We are in an ugly, awful situation. Better avert your eyes. Here’s a nice parable: For countless thousands of years the people of Earthor lived in happy villages, getting everything they needed through small, consent-based communities where everyone was a friend and everything was out in the open. Then they were conquered by evil giants!

Now, everything the people made, every house and every bit of food, was given to the giants, and the giants allocated it to keep themselves in power: the people who obeyed the giants the best, and did their most evil work, got the most stuff; and the people who refused to labor for the giants at all were harassed and isolated and sometimes outright killed; and most people in the middle were kept always wanting more than they got to keep them always busy.

Now one day a hero rose among the people and said, “Let us kill the giants.” But then some sensible-sounding voices said, “Without the giants, who will provide our food?” Actually these were people who worked closely with the giants, and knew that if the system changed they would lose all their stuff. But other people listened to the hero, so the giants had to come kill them all, and everything went back to normal, except the giants got even stronger and meaner.

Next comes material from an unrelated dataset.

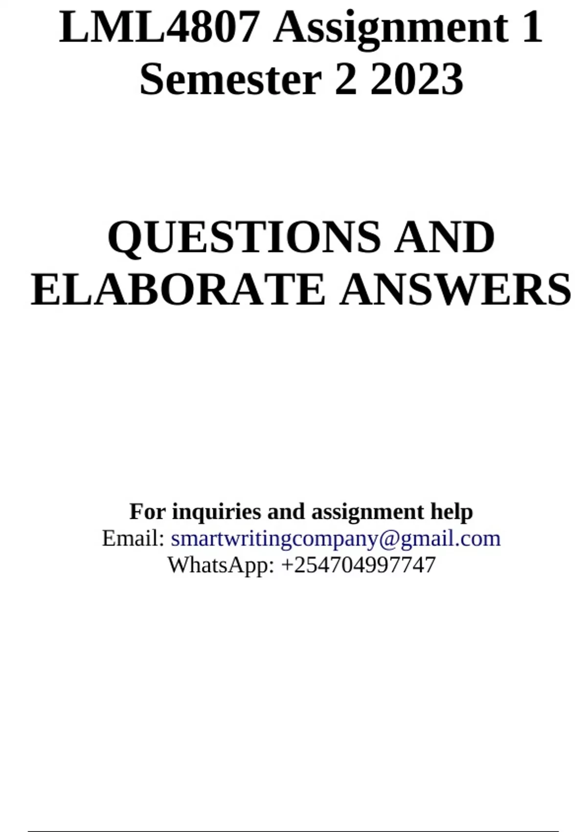 LML4807 Assignment 1 Semester 2 2023 - DUE 22 August 2023

But then another hero appeared, and by this time the people hated the giants so much that the giant-collaborators couldn’t stop them, and they did it — they killed all the giants! But they had been living under the giants for so long now that they didn’t know how to live differently. Some people managed to start awkward consent-based villages with tedious “community meetings” ruined by everyone’s emotional problems from living under the giants. But these groups fell apart or were taken over, and soon enough, strangely, they all found themselves once again ruled by evil giants. Except now the giants were subtle and persuasive, and the people loved them, or at least they thought a world without giants was grossly unrealistic, and they blamed their unhappiness on other people.

And so it went. But look! The giants cannot stay the same size and survive. To live they must constantly grow. They even have a saying: “Any evil giant that doesn’t grow dies.” But now they’re getting so big that their bulk is all dead bones cracking under their unimaginable weight, so big that they can do nothing but blunder around clumsily, ravenously consuming everything in reach to grow still bigger. And their hunger has turned half the land of Earthor into gray smoky deserts. Anyone who looks can see it coming: The giants are going to run out of food, and die.

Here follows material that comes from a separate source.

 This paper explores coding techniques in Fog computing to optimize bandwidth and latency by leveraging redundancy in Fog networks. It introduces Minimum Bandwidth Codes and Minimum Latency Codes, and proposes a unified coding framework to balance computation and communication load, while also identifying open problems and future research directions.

What then? Let’s return now to the less deeply nested fantastic world of our own Earth. The giant patterns that command our labor under threat of death or prison, that manage and distribute the products of our labor to keep themselves in place, are breaking down. In the last two weeks the price of “stocks” — tokens of collaboration with the ruling system — has fallen hard, minus a few temporary half-recoveries caused by covert buying spikes. The “economy” is dying, and anyone who’s been looking has seen it coming for years.

The propaganda industry will blame corporate greed, as if this could have been avoided if corporations weren’t greedy and fish didn’t swim. In fact, collapse is the only possible result of an economy that survives by taking more from its environment than it gives. In this case the environment is not only the Earth, which is running out of “resources,” but the human species, which is running out of willingness to participate in a coercive and disempowering system.

I’m not calling for civilization to fall and kill billions of people in ways other than old age, any more than I’m calling for winter to come and kill a lot of plants. I’m just noticing it coming and declaring that it’s perfectly natural. Liberals fantasize about a “soft landing,” maybe involving a benevolently oppressive global government implementing a hundred years of strict forced contraception and strict forced resource frugality. What’s soft about that? It sounds like going into a cold swimming pool slowly and painfully for 20 minutes instead of just jumping in. We’re all going to be dead in a hundred years anyway. Let’s some of us die young so all of us don’t have to live in some eco-puritan dystopia.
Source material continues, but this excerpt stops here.